Because this vital information is consolidated in the footer, it is only necessary to sample the end of a Parquet file to determine the specific location of each column-chunk in the file.
What is the purpose of fsspec’s new Parquet module?
fsspec is already the most common means of loading Parquet files under Python. The primary purpose of the new fsspec.parquet module is to provide an optimized utility for exactly this task.
Internally, this new utility (open_parquet_file) essentially wraps a conventional open call in Parquet-specific logic that is designed to begin the transfer of all relevant data from the remote file into local memory before the user has even initiated an explicit read operation.
Although reads of any size may benefit from this new utility, the most significant improvements are seen when the read operation targets only a subset of all columns and row-groups.
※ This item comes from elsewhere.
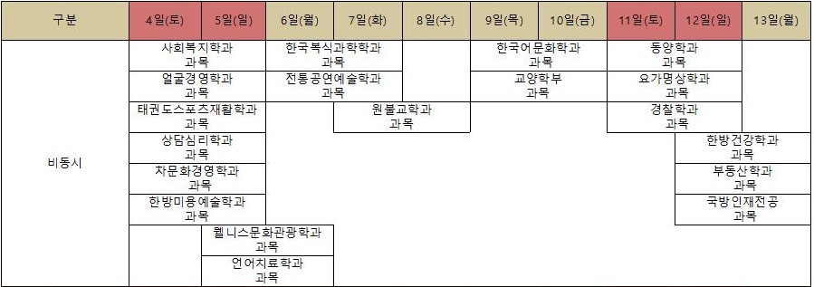 ※ 각 과목별 시험일정(동시시험과목, 비동시시험과목)은 첨부파일에서 확인 가능합니다.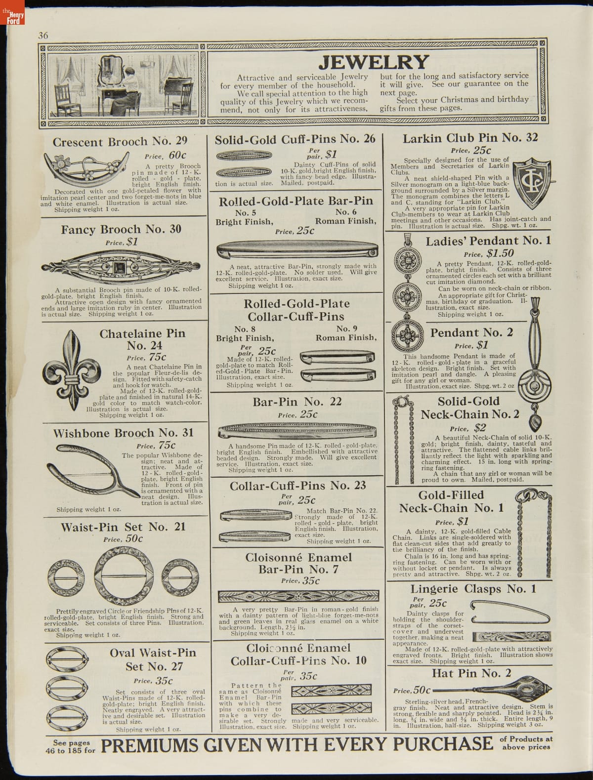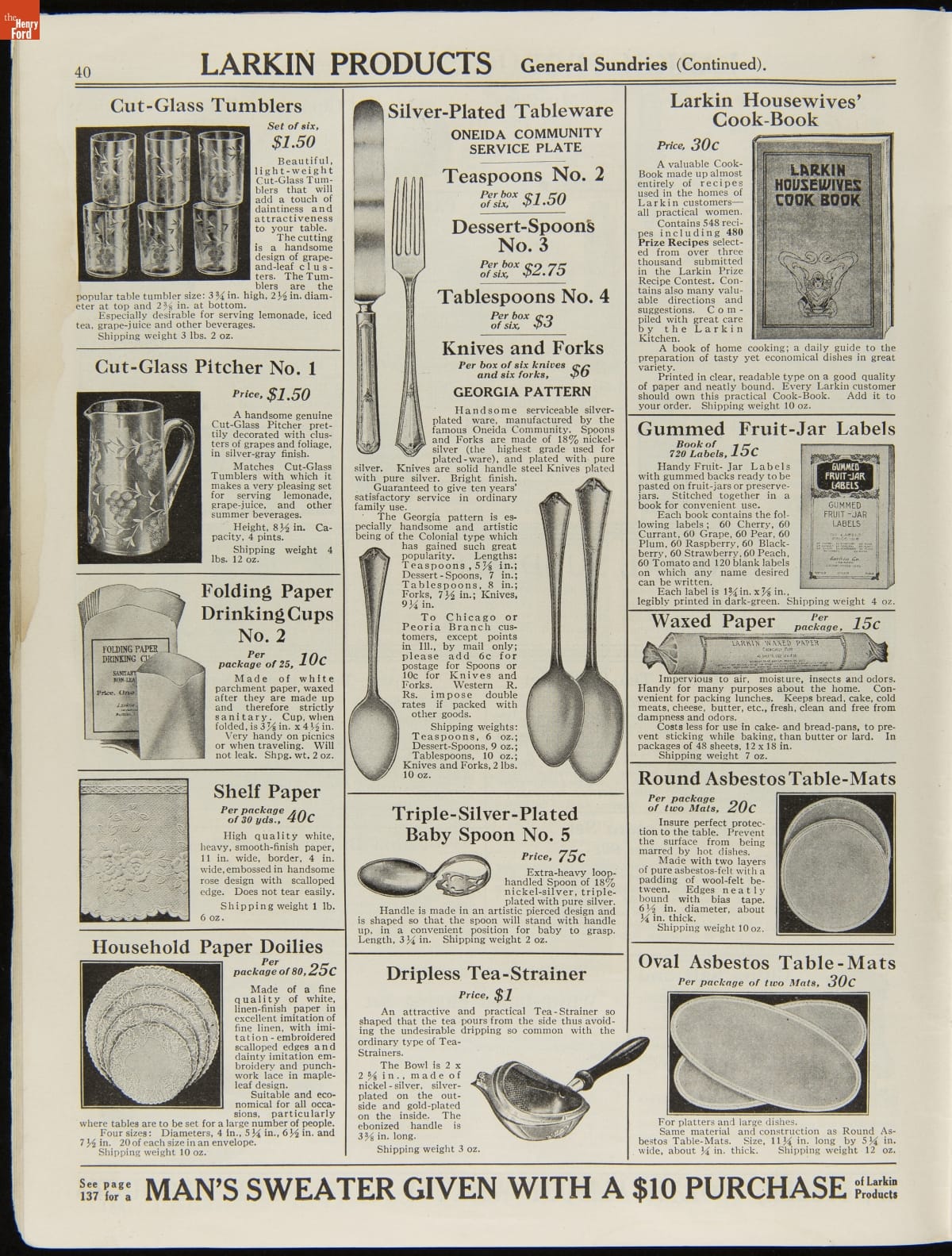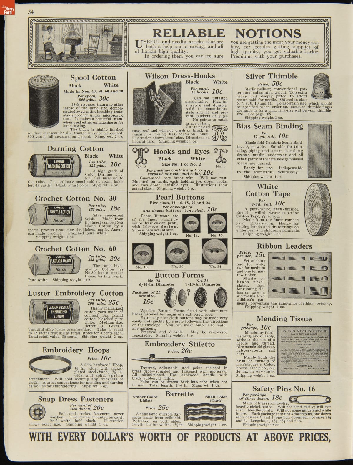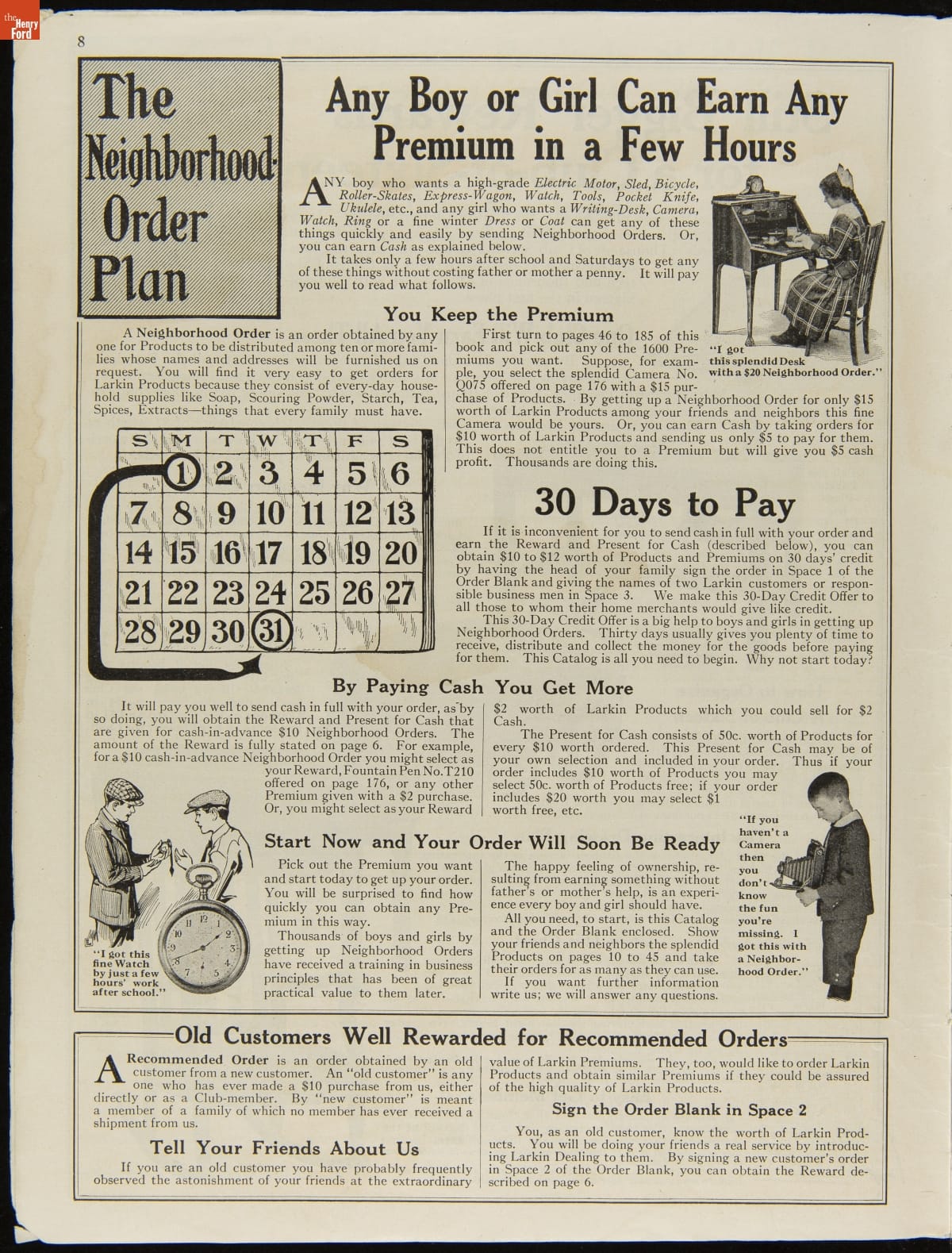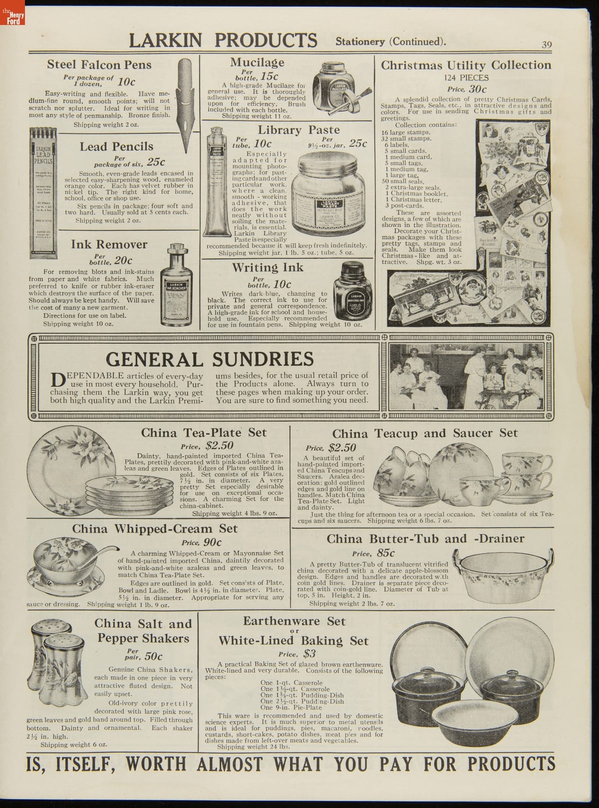 John D. Larkin established a soap manufacturing company in 1875. He hired his brother-in-law, Elbert Hubbard, as a salesman. Hubbard developed "The Larkin Idea," a plan that sold goods directly to consumers through mail-order catalogs and offered incentivizing giveaways. It was a success. By the early 1900s, Larkin's catalogs contained pages of products and even more pages of premiums from which customers could choose.

For example, when the remote read is using column projection, the same list of columns can be passed directly to open_parquet_file:
from fsspec.parquet import open_parquet_file
import pandas as pd
path = “://my-bucket/my-data”
columns = [“col1”, “col2”]
options = {“necessary”: ”credentials”}
with open_parquet_file(
path,
columns=columns,
storage_options=options,
) as f:
df = pd.read_parquet(path, columns=columns)
As we mentioned earlier, the primary purpose of the fsspec new open_parquet_file function is to improve read performance from large Parquet files by using a format-aware caching strategy within AbstractBufferedFile.open.
To understand why the specific optimizations used by the Parquet module are beneficial, it is helpful to start with an understanding of the simple cache-free approach, as well as the default read-ahead strategy.
Understanding cache-free and read-ahead approaches
Figure 2 shows how cache-free file access is likely to map onto remote get calls within a read_parquet operation (after the remote file is already opened) for both an ideal and naive sequence of read calls.
Figure 2. Comparison of ideal and naive data access patterns from a remote Parquet file
In this particular example, assume the Parquet file is large enough (~400MB+) to comprise four distinct row-groups, and the read_parquet call is targeting two out of the four available columns. This means the AbstractBufferedFile object must ultimately transfer eight distinct column-chunk ranges, along with the footer metadata, into local memory.
In the case that caching is disabled, it is possible for a well-tuned Parquet library to move only the necessary data into local memory using five distinct requests. However, as fsspec’s file-like interface contains state, these five read calls are always serial and incur one whole latency time for each call.
This ideal-access scenario is incapable of leveraging concurrency to minimize latency, even though the strategy is likely to minimize the number of file-system requests and produce high overall throughput. For Parquet libraries that take a naive-access approach and do not explicitly minimize the number of read calls, the read_parquet operation is likely to suffer from high latency and low overall throughput!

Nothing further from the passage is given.